Рассмотренный религиозно-догматический конфликт причудливым образом переплетался с конфликтом политическим, который касался оценки русской революции. Активное участие в ней евреев и в особенности их наличие среди ведущих большевистских лидеров получало, как правило, диаметрально противоположные оценки, с одной стороны, многих евреев, даже не сочувствовавших большевикам, а с другой — русских националистов-эмигрантов. Если многие евреи приняли послевоенные изменения в Европе и русскую революцию как шаг к свободе и равноправию, что в российских условиях означало и доступ к политической власти, то русские эмигранты однозначно видели в революции “Черную Смуту”, усугубленную “инородцами”, а то и прямо евреями. В то же время евразийцы пытались культивировать оптимистическое представление о будущем и искать источники и носителей русской державной идеи внутри новой России.

Поэтому они стояли за дифференцированное отношение к большевикам и интерпретировали внутреннюю борьбу в компартии в 1920-е гг. как столкновение интернационалистов (злого начала) с националистами (добрым началом). Именно с последними они связывали великое будущее России и идеализировали их как носителей “бескорыстного русско-мессианского служения”. В таком подходе подспудно присутствовало отождествление интернационалистов с евреями, а националистов — с истинно русским началом.
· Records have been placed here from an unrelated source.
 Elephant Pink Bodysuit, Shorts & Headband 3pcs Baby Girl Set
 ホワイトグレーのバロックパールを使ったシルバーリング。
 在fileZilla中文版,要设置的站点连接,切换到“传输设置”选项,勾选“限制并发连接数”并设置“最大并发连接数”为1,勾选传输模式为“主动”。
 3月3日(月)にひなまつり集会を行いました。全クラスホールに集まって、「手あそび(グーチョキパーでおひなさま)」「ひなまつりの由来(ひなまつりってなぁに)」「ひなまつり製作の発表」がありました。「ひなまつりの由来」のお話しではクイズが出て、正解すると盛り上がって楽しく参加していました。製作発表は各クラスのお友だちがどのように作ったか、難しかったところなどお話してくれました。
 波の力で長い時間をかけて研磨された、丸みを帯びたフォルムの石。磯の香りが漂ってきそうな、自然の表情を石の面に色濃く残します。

Все это сеяло зерна подозрительности по отношению к евреям. Впрочем, Карсавин выступал категорически против идеи, согласно которой именно евреи совершили русскую революцию: “Надо быть очень необразованным исторически человеком и слишком презирать русский народ, чтобы думать, что евреи могли разрушить русское государство”.
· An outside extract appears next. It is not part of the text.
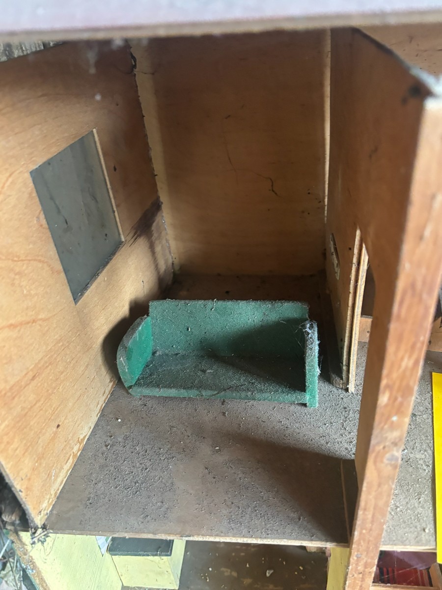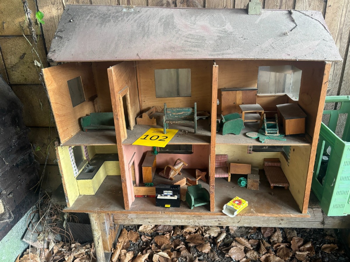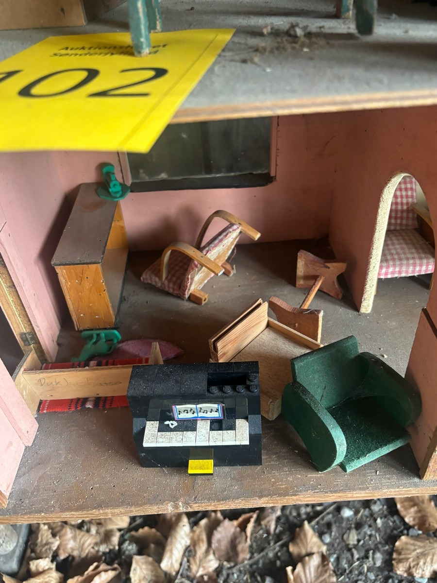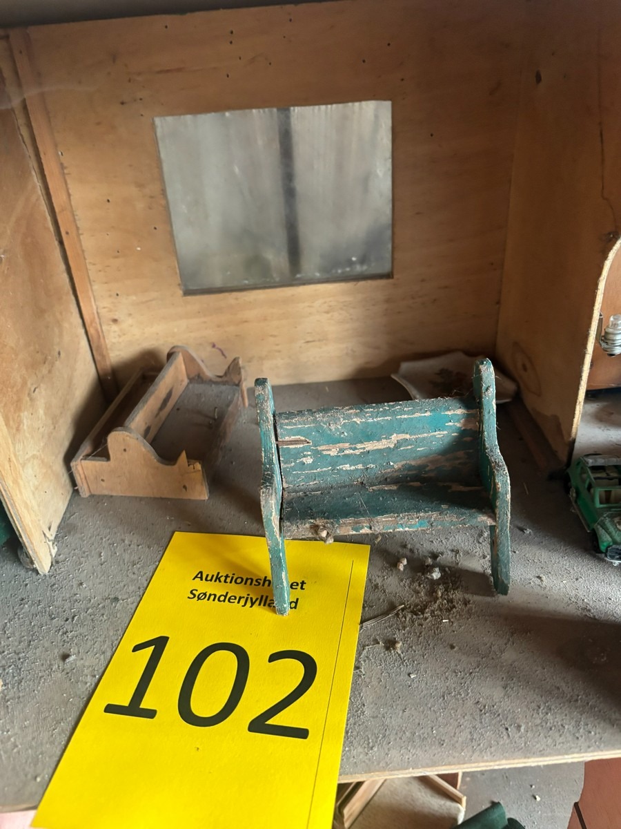 Dukkehus, hjemmelavet. Indbo medfølger. Mindre defekter.

Выше уже отмечалось, что евразийцы стремились отмежеваться от зоологического расизма и его разновидности — расового антисемитизма. Это желание пришло не сразу, и расистские представления не были полностью изжиты. Делая акцент на ценности “чистых” полнокровных культур, евразийцы естественным образом должны были задуматься и о чистоте расы.
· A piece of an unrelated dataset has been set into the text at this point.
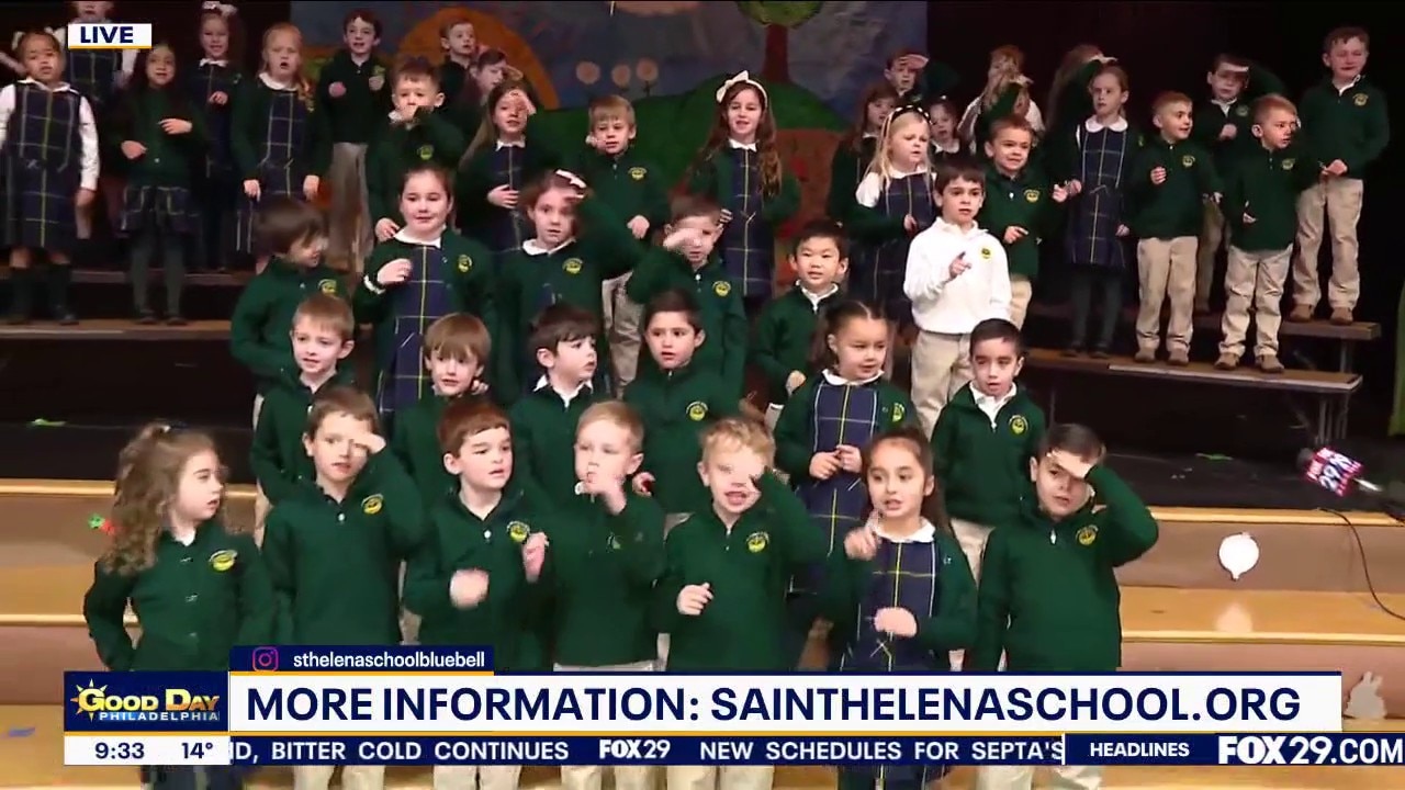 Fox 29's Bob Kelly joins in the festivities at St. Helena School in Blue Bell, PA.

Действительно, упоминания о чистых расах, о вреде расового смешения, о народе как “биологической особи” встречались в евразийской литературе, хотя эта проблема ею никогда детально не рассматривалась. Напротив, утверждая многонациональное единство Евразии, евразийцы склонны были подчеркивать отсутствие расизма в русском наследии и объясняли, что сложности их отношения к евреям имели духовные, а не расовые корни. Они в особенности настаивали на этом начиная с 1934 г., не желая иметь ничего общего с германским национал-социализмом. Более того, в связи с тем, что евразийская группа А. В. Меллер-Закомсльского, действовавшая в Германии, перешла в начале 1930-х гг. на откровенно расистские позиции, видя в Гитлере спасителя человечества, пражские евразийцы приняли специальное решение просить Н. С. Трубецкого написать статью о расах, где бы осуждался русский расизм.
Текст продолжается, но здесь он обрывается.